Establish consistency of gene names between Baran et al and our study and extract genes Baran et al found to be imprinted in the brain:
levels(baran) <- sub("INPP5F_V2", "INPP5F", levels(baran$name))
levels(baran) <- sub("MEG8", "RP11-909M7.3", levels(baran$name))
baran$name <- sub("INPP5F_V2", "INPP5F", baran$name)
baran$name <- sub("MEG8", "RP11-909M7.3", baran$name)
baran.brain <- baran[ baran$tissue == "BRAIN", "name"]

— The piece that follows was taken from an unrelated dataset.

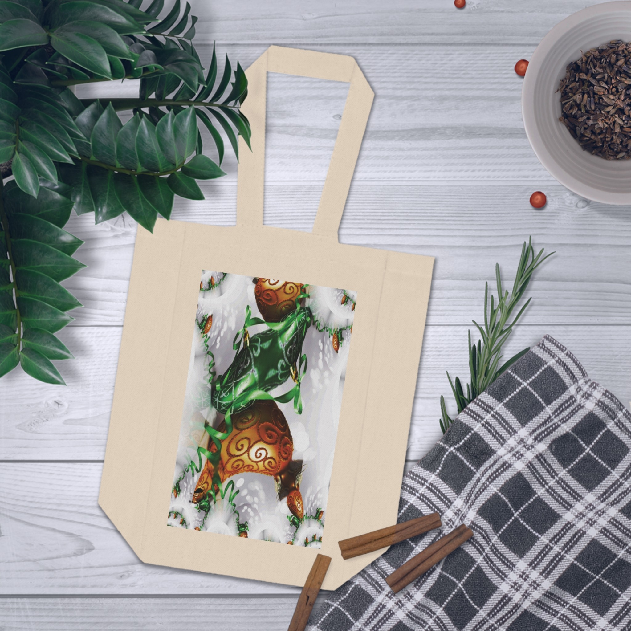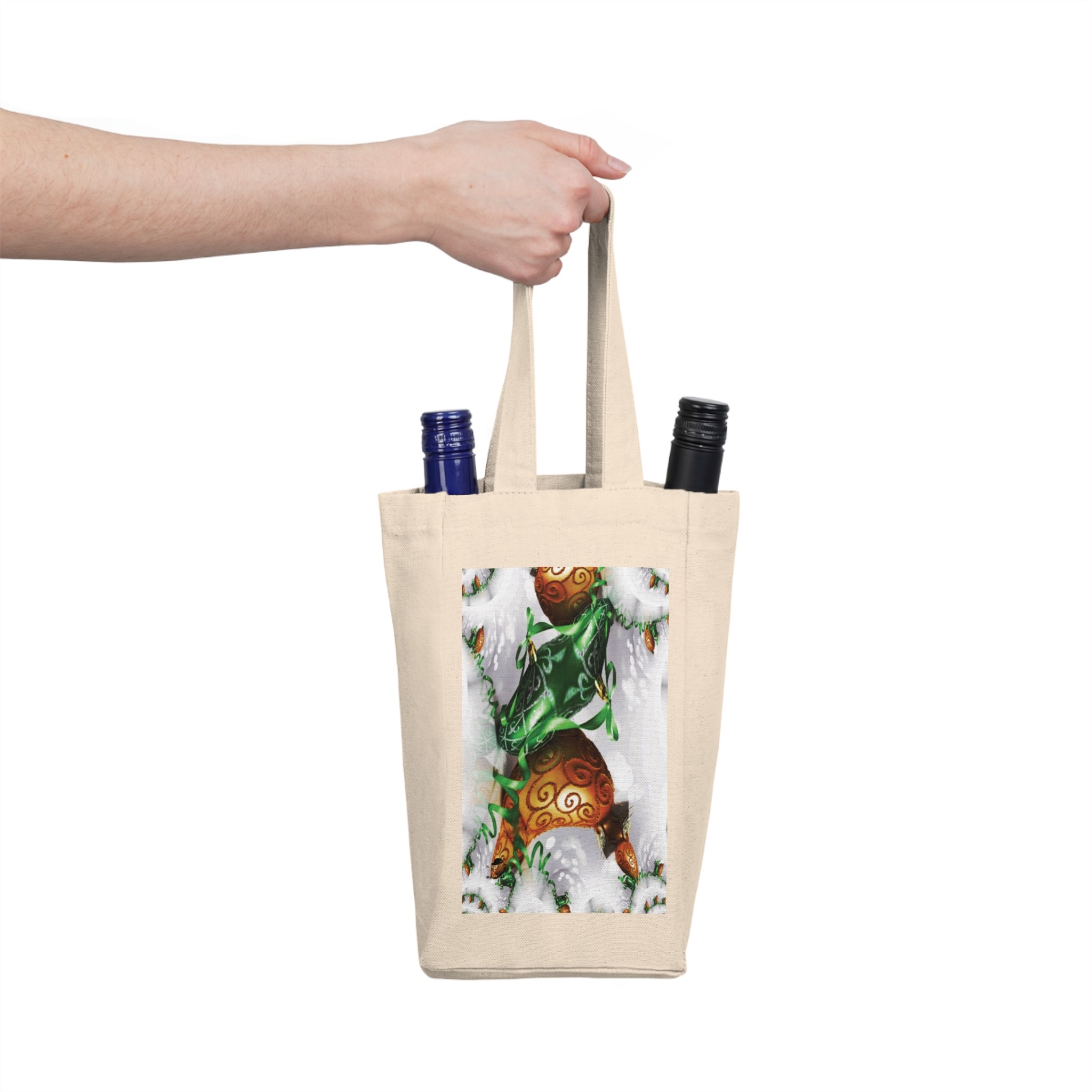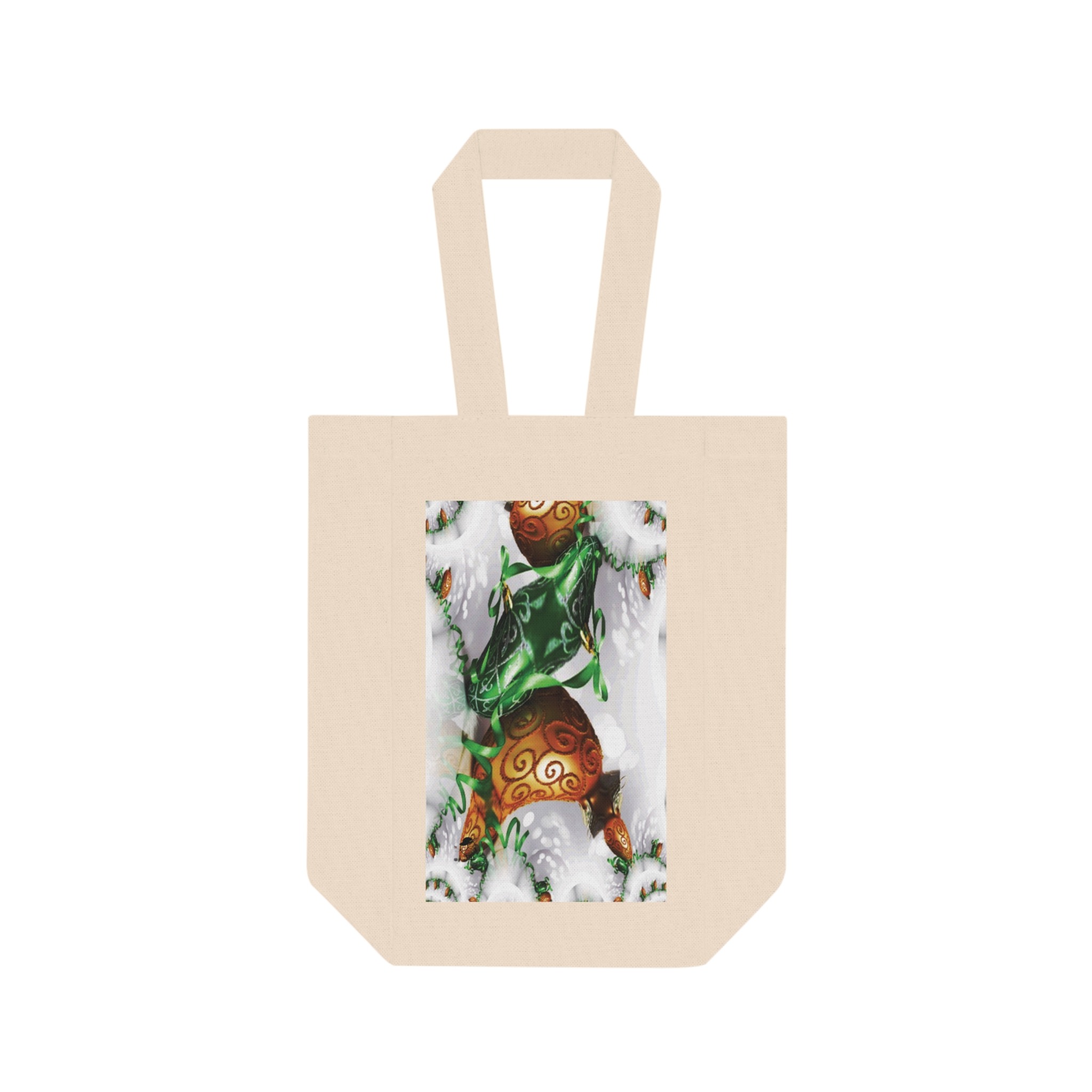 Carry two bottles with calm confidence. This sturdy cotton canvas wine tote keeps bottles upright and separated with a sewn-in divider, while boxed corners give extra room for careful packing. The printed panel features a cozy, wintry illustration — swirls of evergreen and ornament tones framed by soft snowy accents — that blends seasonal charm with everyday usability. Long, reinforced handles sit comfortably in hand or over the shoulder. Bring this tote to small gatherings, market runs, or a chalet weekend; it looks at home tucked under an arm as you walk through falling snow or handed to a friend at a holiday potluck.

Summarize genes called imprinted either by Baran et al or this study:
## this.work
## Baran.et.al imprinted not imprinted not assessed
## imprinted 19 12 9
## not imprinted or assessed 10 0 0
Next, list each gene and write result to file. It is noteworthy that the novel imprinted genes suggested by our study are RP11-909M7.3, TMEM261P1, AL132709.5, PWAR6, SNORD116-20, RP13-487P22.1, hsa-mir-335 and among these only RP11-909M7.3 is/are suggested by Baran et al.
baran.vs.ourwork[ , -1]
## Baran.et.al this.work prior.status
## CPA4 imprinted not assessed <NA>
## DIRAS3 imprinted imprinted known_imprinted
## DLK1 imprinted not assessed <NA>
## FAM50B imprinted imprinted known_imprinted
## GRB10 imprinted imprinted known_imprinted
## H19 imprinted not imprinted known_imprinted
## IGF2 imprinted imprinted known_imprinted
## IGF2-AS imprinted not assessed <NA>
## INPP5F imprinted imprinted known_imprinted
## KCNQ1 imprinted not assessed known_imprinted
## KIF25 imprinted not imprinted _
## L3MBTL1 imprinted not imprinted 1 M impr clstr
## LPAR6 imprinted not imprinted 1 M impr clstr
## MAGEL2 imprinted imprinted known_imprinted
## MAGI2 imprinted not imprinted known_imprinted
## MEG3 imprinted imprinted known_imprinted
## RP11-909M7.3 imprinted imprinted 1 M impr clstr
## MEG9 imprinted not imprinted known_imprinted
## MEST imprinted imprinted known_imprinted
## MKRN3 imprinted not imprinted known_imprinted
## NAP1L5 imprinted imprinted known_imprinted
## NDN imprinted imprinted known_imprinted
## NTM imprinted not imprinted known_imprinted
## PEG10 imprinted imprinted known_imprinted
## PEG3 imprinted imprinted known_imprinted
## PLAGL1 imprinted not imprinted known_imprinted
## PPIEL imprinted not assessed <NA>
## PRSS50 imprinted not assessed <NA>
## PWRN1 imprinted not imprinted 1 M impr clstr
## RP11-7F17.7 imprinted not assessed <NA>
## SNHG14 imprinted imprinted known_imprinted
## SNRPN imprinted imprinted known_imprinted
## SNURF imprinted imprinted known_imprinted
## SYCE1 imprinted not imprinted _
## THEGL imprinted not assessed <NA>
## UBE3A imprinted imprinted known_imprinted
## UTS2 imprinted not assessed <NA>
## ZDBF2 imprinted imprinted known_imprinted
## ZNF331 imprinted imprinted known_imprinted
## ZNF597 imprinted not imprinted known_imprinted
## TMEM261P1 not imprinted or assessed imprinted 1 M impr clstr
## AL132709.5 not imprinted or assessed imprinted 1 M impr clstr
## ZIM2 not imprinted or assessed imprinted known_imprinted
## PWAR6 not imprinted or assessed imprinted 1 M impr clstr
## KCNQ1OT1 not imprinted or assessed imprinted known_imprinted
## SNORD116-20 not imprinted or assessed imprinted 1 M impr clstr
## KCNK9 not imprinted or assessed imprinted known_imprinted
## RP13-487P22.1 not imprinted or assessed imprinted 1 M impr clstr
## hsa-mir-335 not imprinted or assessed imprinted 1 M impr clstr
## NLRP2 not imprinted or assessed imprinted known_imprinted
write.csv(baran.vs.ourwork, file = "../../results/baran-vs-ourwork.csv", row.names = FALSE)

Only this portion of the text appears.